TIJ Seeks Protection

The music industry's worst nightmare is coming true: feeble attempts to shackle compact discs with "protection" are falling prey to simple felt pen hacks. And it's too late to build use-restriction and tracking technologies directly into CD players and existing computer CD drives.

But the record labels are having better luck getting use-restriction circuitry installed in devices that support newer formats such as SACD and DVD-Audio. Verance and Texas Instruments Japan (TIJ) announced last week that TIJ will begin incorporating Verance's patented audio use restriction and content management technology directly into TI digital signal processors (DSPs) for manufacturers of DVD-Audio devices.

TIJ, the Japanese subsidiary of U.S.-based Texas Instruments, joins several other major chip manufacturers in licensing Verance's technology. Other Verance licensees producing chips for DVD-Audio devices include Acer, ESS, LSI Logic, Matsushita, MediaTek, National Semiconductor, Samsung, STMicroelectronics, Winbond Electronics and Zoran. According to Verance, these licensees produce chips for the world's 15 manufacturers of more than 40 models of DVD-Audio devices currently on the market.

Luckily for Verance, the DVD-Audio specification requires all DVD-Audio and combination DVD-Audio/Video devices sold worldwide to include their watermarking technology. The company's Bob Cerasoli comments that "This will give content providers the more secure path they are seeking for releasing their content to consumers in more feature-rich digital formats."

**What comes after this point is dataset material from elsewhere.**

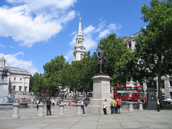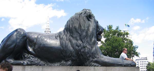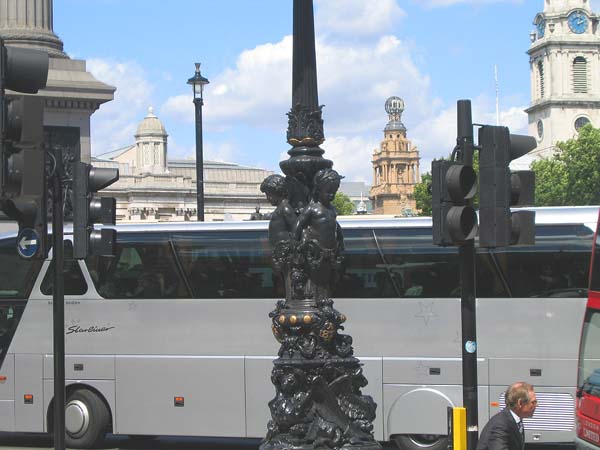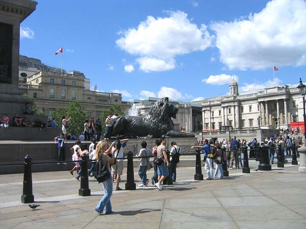 | 左端にネルソン提督の記念碑の台座部分が写っています。 台座だけで55mあるそうです。 台座の周りには4頭のライオンの像があり、 これは三越デパートのライオン像のモデルということです。 |

All is not rosy for the company, however. Verance and rival Digimarc have been tussling in court over control of several patents pertaining to digital watermarks. Digimarc claims that "For a third time, re-examination [of the patents in contention] has concluded with an expansion of the number of claims infringed by Verance." Verance responded last week stating that the company "is confident that it has not infringed the revised patent and intends to prove that in court. Clearly, Digimarc remains intent on trying to win in the press what it has been unable to accomplish in the US Patent Office or the marketplace."